- ASSIGNMENT
Reproduce all the records word for word. Omit images.
↓
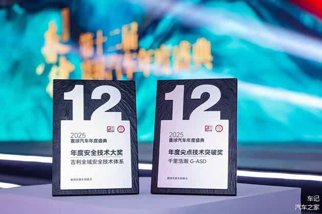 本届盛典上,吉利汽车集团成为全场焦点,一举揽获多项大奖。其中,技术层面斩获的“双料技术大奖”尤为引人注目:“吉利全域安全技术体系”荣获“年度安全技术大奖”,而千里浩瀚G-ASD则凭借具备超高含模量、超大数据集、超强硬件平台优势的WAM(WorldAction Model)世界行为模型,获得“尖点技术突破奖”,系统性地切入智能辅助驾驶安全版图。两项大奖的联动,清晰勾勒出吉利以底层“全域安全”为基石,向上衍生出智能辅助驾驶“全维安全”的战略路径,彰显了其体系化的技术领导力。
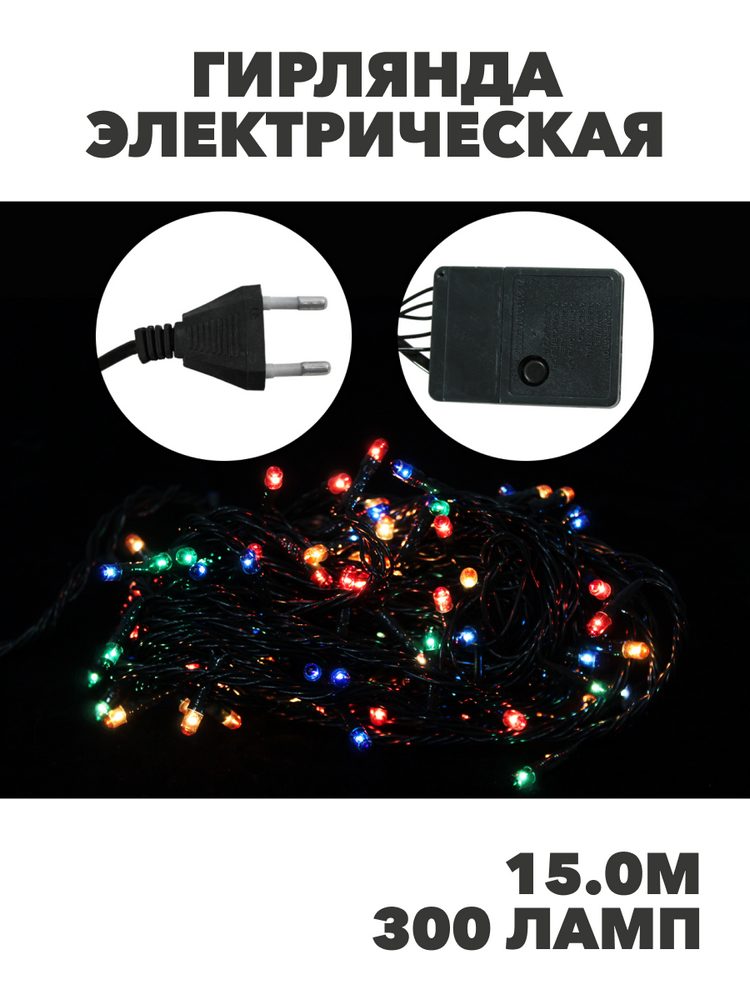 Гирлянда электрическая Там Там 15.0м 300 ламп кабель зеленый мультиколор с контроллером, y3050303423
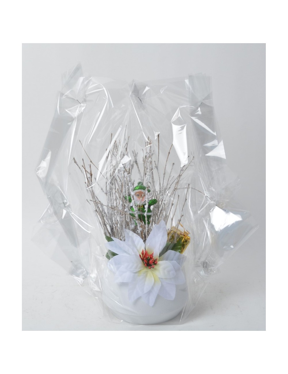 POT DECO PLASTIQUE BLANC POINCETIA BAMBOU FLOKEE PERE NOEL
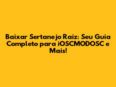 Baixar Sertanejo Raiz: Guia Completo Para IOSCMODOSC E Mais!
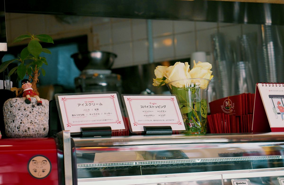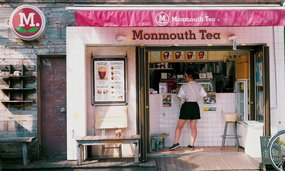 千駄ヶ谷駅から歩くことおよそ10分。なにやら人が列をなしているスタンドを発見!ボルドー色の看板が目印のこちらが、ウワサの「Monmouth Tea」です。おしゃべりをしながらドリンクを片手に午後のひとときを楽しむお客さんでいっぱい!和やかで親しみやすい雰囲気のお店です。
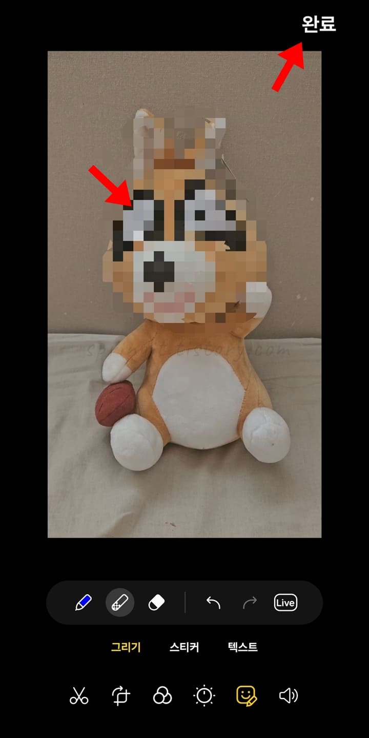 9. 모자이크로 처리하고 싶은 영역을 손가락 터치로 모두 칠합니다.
↑
- ANSWER TO THE PROBLEM
 本届盛典上,吉利汽车集团成为全场焦点,一举揽获多项大奖。其中,技术层面斩获的“双料技术大奖”尤为引人注目:“吉利全域安全技术体系”荣获“年度安全技术大奖”,而千里浩瀚G-ASD则凭借具备超高含模量、超大数据集、超强硬件平台优势的WAM(WorldAction Model)世界行为模型,获得“尖点技术突破奖”,系统性地切入智能辅助驾驶安全版图。两项大奖的联动,清晰勾勒出吉利以底层“全域安全”为基石,向上衍生出智能辅助驾驶“全维安全”的战略路径,彰显了其体系化的技术领导力。
 Гирлянда электрическая Там Там 15.0м 300 ламп кабель зеленый мультиколор с контроллером, y3050303423
 POT DECO PLASTIQUE BLANC POINCETIA BAMBOU FLOKEE PERE NOEL
 Baixar Sertanejo Raiz: Guia Completo Para IOSCMODOSC E Mais!
 千駄ヶ谷駅から歩くことおよそ10分。なにやら人が列をなしているスタンドを発見!ボルドー色の看板が目印のこちらが、ウワサの「Monmouth Tea」です。おしゃべりをしながらドリンクを片手に午後のひとときを楽しむお客さんでいっぱい!和やかで親しみやすい雰囲気のお店です。
 9. 모자이크로 처리하고 싶은 영역을 손가락 터치로 모두 칠합니다.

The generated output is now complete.